Segment Start: GIVEN DATA
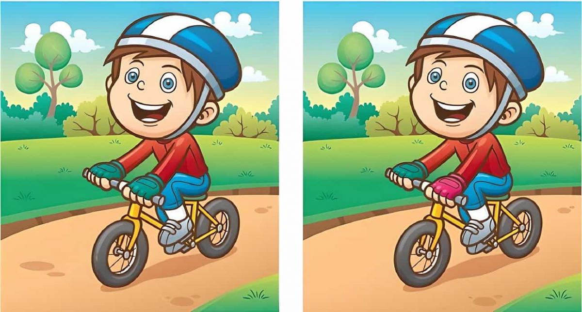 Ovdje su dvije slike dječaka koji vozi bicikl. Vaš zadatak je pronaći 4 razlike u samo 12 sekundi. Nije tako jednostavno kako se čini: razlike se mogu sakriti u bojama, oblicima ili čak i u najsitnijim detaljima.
Segment End: GIVEN DATA
Segment Start: GIVEN DATA
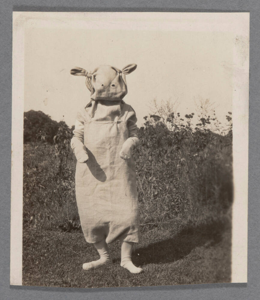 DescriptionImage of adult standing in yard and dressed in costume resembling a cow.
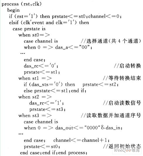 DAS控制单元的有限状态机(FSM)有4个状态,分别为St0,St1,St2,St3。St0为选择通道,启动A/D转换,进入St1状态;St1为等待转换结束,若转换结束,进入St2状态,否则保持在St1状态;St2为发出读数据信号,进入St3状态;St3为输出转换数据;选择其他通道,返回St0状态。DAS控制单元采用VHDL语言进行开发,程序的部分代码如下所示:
Segment End: GIVEN DATA
TASK ITEM: Print nothing except the lines above from the one containing "DescriptionImage of adult" down to the one containing "DAS控制单元的有限状态机(FSM)有4", both included, exactly as written and free of pictures.

PROBLEM SOLUTION:
 DescriptionImage of adult standing in yard and dressed in costume resembling a cow.
 DAS控制单元的有限状态机(FSM)有4个状态,分别为St0,St1,St2,St3。St0为选择通道,启动A/D转换,进入St1状态;St1为等待转换结束,若转换结束,进入St2状态,否则保持在St1状态;St2为发出读数据信号,进入St3状态;St3为输出转换数据;选择其他通道,返回St0状态。DAS控制单元采用VHDL语言进行开发,程序的部分代码如下所示:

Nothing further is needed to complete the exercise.